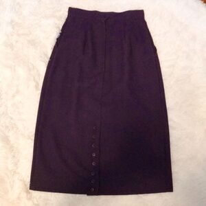 Dark Purple Vintage Wool, high waisted Skirt. Has pleating at the top and slightly hidden pockets. Beautiful button detail up the bottom back side! Unlined. Partial zip with top button closure. Excellent condition!
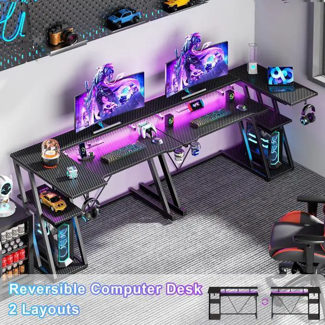 Reversible design: The L-shaped gaming desk can be flipped left or right to suit different room corners, and 2 can be combined into a U-shaped table for double play, making it a great gift option for gaming enthusiasts, children or friends
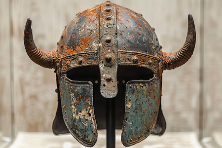 A striking Viking horned helmet resting on a rugged surface, captured against a dark, rustic background, showcasing ancient craftsmanship and historical significance.

Work to complete | Return only the lines from the one that contains "Reversible design: The" through the closing line of the data, inclusive, reproduced exactly and with every picture left out.

Solution to this task |
 Reversible design: The L-shaped gaming desk can be flipped left or right to suit different room corners, and 2 can be combined into a U-shaped table for double play, making it a great gift option for gaming enthusiasts, children or friends
 A striking Viking horned helmet resting on a rugged surface, captured against a dark, rustic background, showcasing ancient craftsmanship and historical significance.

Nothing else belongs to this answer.